The real thrust of Johnson’s critique, in other words, is to raise the delicate question of who exactly we are entrusting our “news gathering” to. Johnson and other bloggers have been criticized for claiming that the deaths of 28 civilians following an Israeli bombing of a house in the Lebanese village of Qana were deliberately staged by Hezbollah. But photos by the ubiquitous Hajj played a prominent role in the coverage, as Reuters has conceded. Bloggers claim many of them look, if not staged, then extremely posed.
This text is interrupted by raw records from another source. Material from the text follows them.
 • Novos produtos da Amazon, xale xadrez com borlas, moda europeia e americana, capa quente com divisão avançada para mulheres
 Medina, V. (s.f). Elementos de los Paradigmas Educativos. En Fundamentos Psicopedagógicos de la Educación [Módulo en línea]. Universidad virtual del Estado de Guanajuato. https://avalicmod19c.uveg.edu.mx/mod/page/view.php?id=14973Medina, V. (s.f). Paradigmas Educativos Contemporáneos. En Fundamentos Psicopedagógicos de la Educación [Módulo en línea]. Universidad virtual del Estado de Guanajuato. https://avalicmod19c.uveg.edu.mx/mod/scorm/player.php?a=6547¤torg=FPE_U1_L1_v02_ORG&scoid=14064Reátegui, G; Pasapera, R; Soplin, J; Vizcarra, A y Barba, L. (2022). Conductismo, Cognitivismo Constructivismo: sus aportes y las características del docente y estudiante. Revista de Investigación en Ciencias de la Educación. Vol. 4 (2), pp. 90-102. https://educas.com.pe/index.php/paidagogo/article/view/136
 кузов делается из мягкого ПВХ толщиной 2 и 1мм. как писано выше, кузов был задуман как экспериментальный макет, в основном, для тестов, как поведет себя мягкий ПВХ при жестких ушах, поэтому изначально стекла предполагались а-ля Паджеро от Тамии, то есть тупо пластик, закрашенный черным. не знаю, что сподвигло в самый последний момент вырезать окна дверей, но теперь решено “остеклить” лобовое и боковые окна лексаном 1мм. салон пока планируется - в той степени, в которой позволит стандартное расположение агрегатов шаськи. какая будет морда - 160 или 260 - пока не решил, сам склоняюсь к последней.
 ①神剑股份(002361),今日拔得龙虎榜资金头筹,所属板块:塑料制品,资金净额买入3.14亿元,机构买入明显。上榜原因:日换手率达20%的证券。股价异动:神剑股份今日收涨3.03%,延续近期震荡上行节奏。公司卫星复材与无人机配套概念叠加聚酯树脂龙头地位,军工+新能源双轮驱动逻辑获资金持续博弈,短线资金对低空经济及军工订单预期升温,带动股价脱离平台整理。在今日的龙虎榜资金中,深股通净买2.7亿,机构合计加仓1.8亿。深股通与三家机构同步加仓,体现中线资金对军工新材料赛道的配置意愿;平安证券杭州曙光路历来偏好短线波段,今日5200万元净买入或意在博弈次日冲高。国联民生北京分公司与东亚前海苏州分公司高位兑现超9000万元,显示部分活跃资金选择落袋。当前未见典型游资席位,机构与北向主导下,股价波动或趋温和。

Particularly notorious was the number of photographs featuring a mysterious, green-helmeted Lebanese aid worker who, among other duties, seemed willing to hold up dead babies for hours on end for anyone with a working camera.
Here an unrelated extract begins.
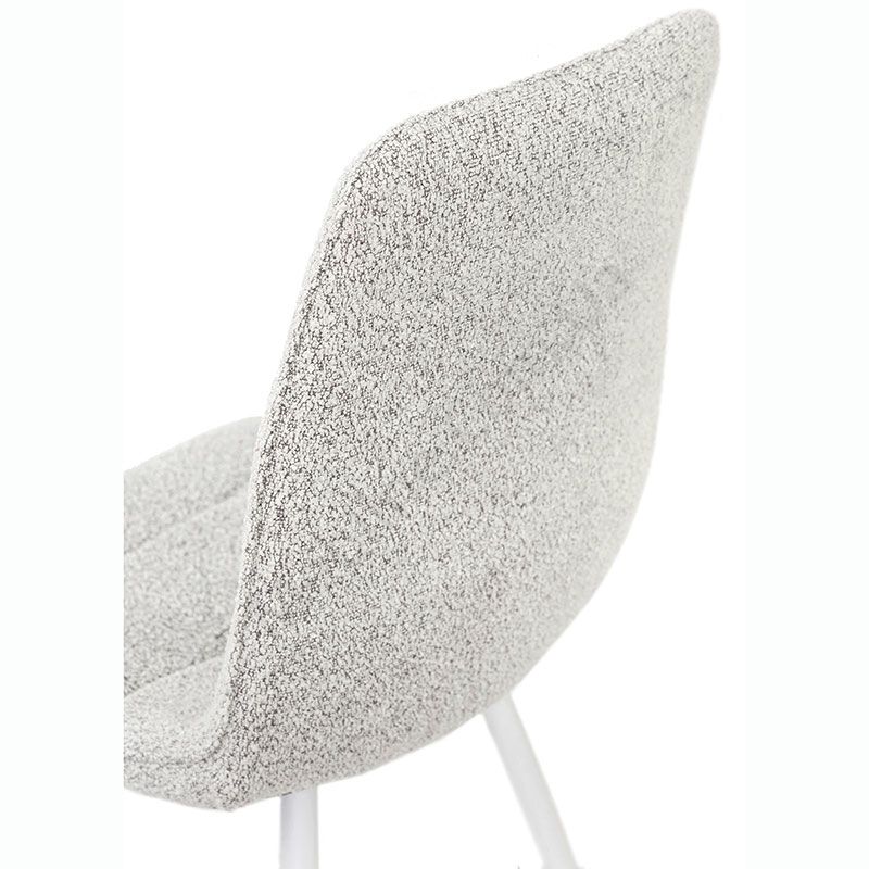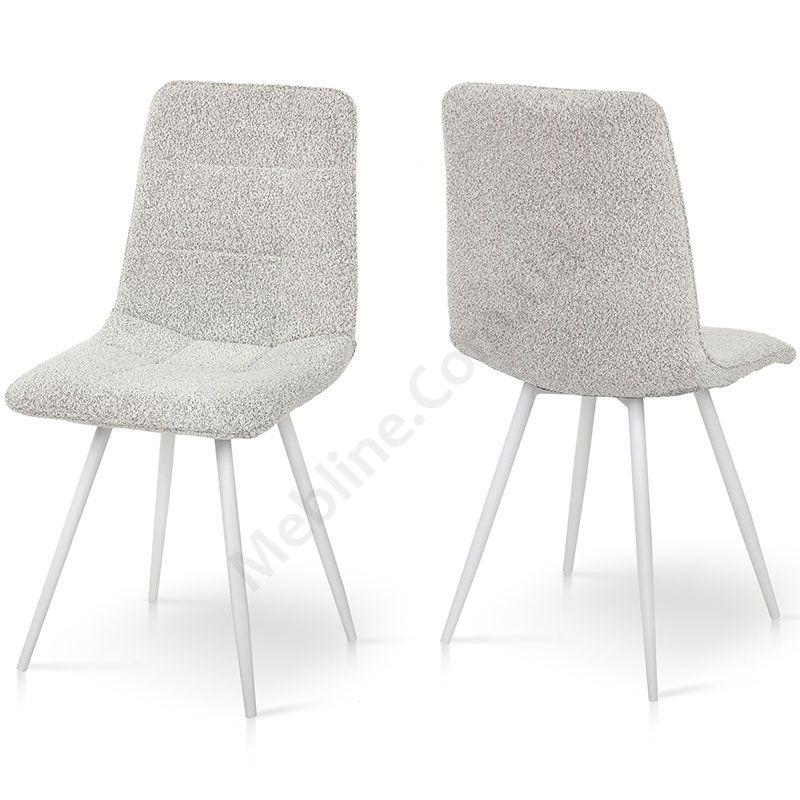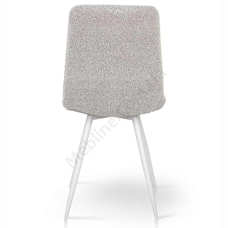М’який стілець без підлокітників на металевих ніжках з оббивкою із букле бежевого кольору.

Johnson disputes the notion that he has tried to pretend no one died in Qana or that the death of children isn’t unequivocally horrifying. “None of the points I was making were intended to minimize the deaths in Qana, which did happen,” he says. “But because images like that have such a powerful hold over human nature — they invoke the strongest emotions we have, to see children dead — if someone is manipulating those effects for propaganda purposes, it’s vital they be exposed, because it’s loathsome. But yes, no one wants the children to be dead, and I don’t minimize that at all. But to dance on their corpses in this ghoulish propaganda display is almost worse.”
Dancing on corpses? Ghoulish propaganda display? A leaked interoffice memo from the Associated Press, or AP, congratulating its Qana photographers on “a stunning series of images . . . that beat the competition and scored huge play overnight,” suggests that such phrases, as well as some of Johnson’s other charges, may not be entirely hyperbolic.
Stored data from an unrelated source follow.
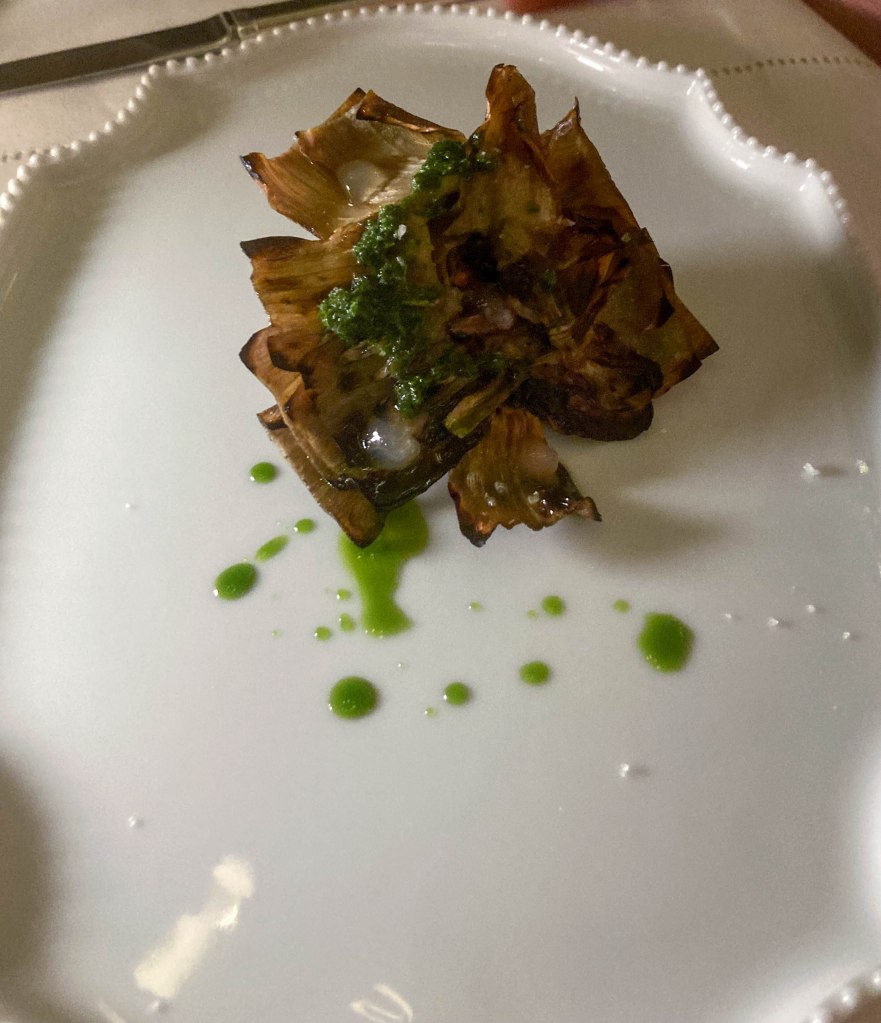 The third course was grilled and roasted artichoke with chimichurri sauce and a herb-infused oil. The artichoke was plated beautifully and the oil splattered around it made the dish look like a piece of art. The artichoke had a smokey smell and flavor, with a rich earthy taste that reminded me of vegetables grilled on a barbecue. The chimichurri was fresh and aromatic, which added another layer of flavor to the dish. Finally, the herb-infused oil on the plate tied the dish together, combining the freshness of the chimichurri, with the earthiness of the artichoke. Overall, this dish was thoroughly thought through and tasted amazing.
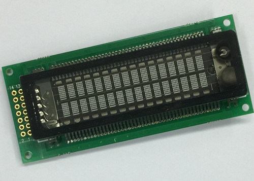 Vacuum Fluorescent Display Module 16 characters 2 lines 16T202DA1E Features: LCD Compatible: drop-in-replacement (same interface and mechanical dimension as LCD module) Readable display: 5*7 dot matrix type Vacuum Fluorescent Display Compact and lightweight: flat panel (VFD) and surface mount technology 5V single power supply Brightness level: adjustable into 4 levels (25%, 50%, 75% and 100%) by software command Support CG-RAM fonts and CG-ROM: 8 user-definable characters
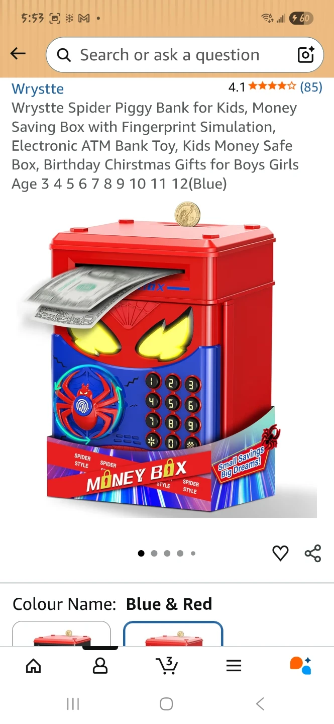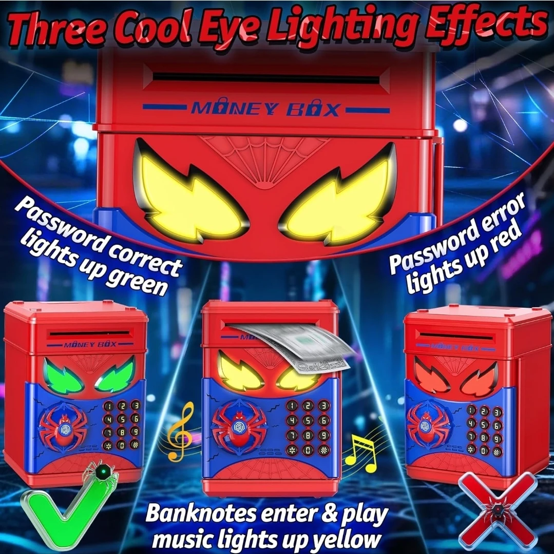This Spiderman-themed money box features fingerprint simulation and an electronic ATM keypad for secure savings. It's designed with cool eye lighting effects that change colour based on password entry success. Banknotes automatically enter, and it's great for kids aged 3 and up!

“Nasser’s most haunting image,” reads one section of the memo, referring to a picture by AP photographer Nasser Nasser, “showed a man emerging from the rubble carrying the lifeless and dust-covered body of a child. Calm, morning light shone down on man and child, highlighting them against an almost monochrome background of pure rubble.” Monochrome background. Calm, morning light. Pure rubble (as opposed to that hideous rubbly kind of rubble). How nice. How poetic. How aesthetic. AP sounds less like a news organization than an ad agency.
In exposing Hajj’s manipulations, Johnson has raised the lid on a potential Pandora’s box. Namely, how our leading news agencies and newspapers increasingly rely on stringers from hostile nations to tell us how we, or our allies, behave in wartime. Since you’d be hard-pressed to find Muslims in the U.S., let alone Europe, who aren’t strongly anti-Israel and opposed to any American presence in the Middle East whatsoever, why on earth would you expect to find neutral Arab reporters in Baghdad or Beirut? This is the kind of question newspaper editors should be asking themselves (and their stringers). If the implications of this are followed through, or if more photographers like Adnan “Photoshop” Hajj are discovered, the ramifications are likely to be significant. In helping bring Hajj’s smoke-and-mirrors game to light, Johnson has performed a great service.
There's quite a lot more read it all. Let me raise an additional point I have not seen raised before. I worked for many years as a photographer. That was strictly a sideline job, but I was good enough at it to be continuously hired for jobs. (The income from that was a huge help at one of my financial low points, too). I was not a freelance news photographer per se, but a number of my pictures were published in a couple of publications. I took literally thousands and thousands of pictures, averaging at least five 36-exposure rolls of 35mm film per assignment. Only a very few (I am not bagging here) were not useful from any given shoot. Most were workmanlike at worst, good to very good at best.
But. Only a few pictures in all the years I did this work would be considered really great. Now, I'll grant that a "pro" might be considerably better than I am with a camera (there are a lot of my shots under the "because I Felt Like It" category - you can judge) and the percentage might well be higher. However, one might reasonably question a photographer who gets one after another after another iconic photographs in a very short span of time.
Ansel Adams iconic body of work took decades to make. Not two or three weeks. One can ask the question.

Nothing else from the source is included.